アルゼンチン暮らしIROIRO

アルゼンチン在住ライターの日々の想いイロイロ

NEOの母たち

ムスメが生まれてから50日が経ちました。身長57センチ、体重3675グラム。顔は丸顔ですが、背の高いダーリンの血を受け継いでか、体の細長~い赤ちゃんです。

故障していたメインPCがようやく使えるようになったので、早速写真アップしました。ムスメです。どうぞよろしく・・・って、何枚か載せたかったのに、操作法が分からない!!!とりあえず生後1か月の写真を一枚だけ・・・。

musume 1mes-1

ムスメが生後50日を迎えたということは、私が新生児集中治療室(Terapia Intensiva Neonatal)通称”NEO”に通うようになって早1ヶ月と3週間ほど経った、ということでもあります。アルゼンチンでは自然分娩なら2日、帝王切開でも3日だけの入院となり、私の場合は更に特殊な手術となったためか、退院時は腹部の痛みが激しく、足を一歩前に踏み出すのもやっとの状態でした。

退院当日は昼過ぎに帰宅しましたが、夕方には出始めた母乳でおっぱいがパンパンに張り、更に病院に一人置いてきたムスメがどうしても気になり、夕方には早速NEOに飛んで行ったことを懐かしく、そして涙ながらに思い出します。この、自宅⇔病院の移動の大変だったこと・・・!

行きも帰りもタクシーでしたが、何しろほんのちょっとの振動でもお腹に激痛が走るので、ガタガタ道の多いこの国の道路を行くのは正に地獄。車の中で痛みを堪え切れずに何度叫んだか分かりません・・・。そんな痛みに耐えての通院生活を3日ほど我慢しましたが、ついに限界となり救急窓口に飛び込むことに。そこで注射を打ってもらい、強い痛み止めを処方してもらってようやく地獄の痛みから解放されたのでした。

あれは今思い出だしても辛い辛い数日間でしたが、実はNEOにはもっと大変な想いをしているお母さんたちが沢山いたのです。

余談ですが、NEOでの生活やお母さん達との会話は(表現は悪いですが)どこか刑務所でのそれに通じるような気が常々していました。初めて顔を合わすお母さんや、新しいママさんとのやり取りはいつも「あんたの赤ちゃんはどうしたんだい?」から始まります。それはさながら囚人同士が「あんた一体何をやらかしたのさ?」と聞き合うよう。

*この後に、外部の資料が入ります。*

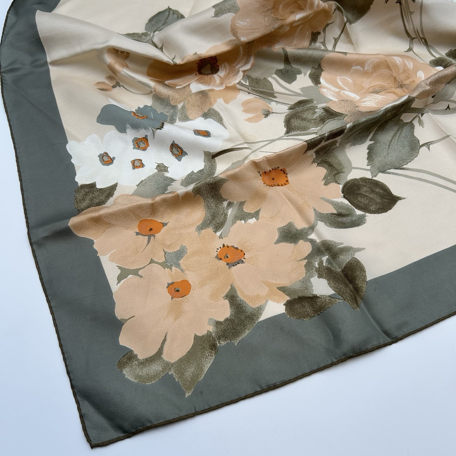 как выглядит Stunning Vintage Nina Ricci Flowers Hand Rolled Silk Scarf Made in France фото

そしてNEOが提供してくれるママさん食堂のプラスチックケース入りの昼食に見入る新ママさんに「ここじゃ贅沢言ってられないよ」・・・とは言いませんが(笑)、電子レンジの使い方や食堂のルールを教えたりします。私も、衛生上細かいルールがたくさんある搾乳室で、搾乳機の使い方を説明している自分に気づく時、NEOで過ごしてきた時間の長さを思い知らされます。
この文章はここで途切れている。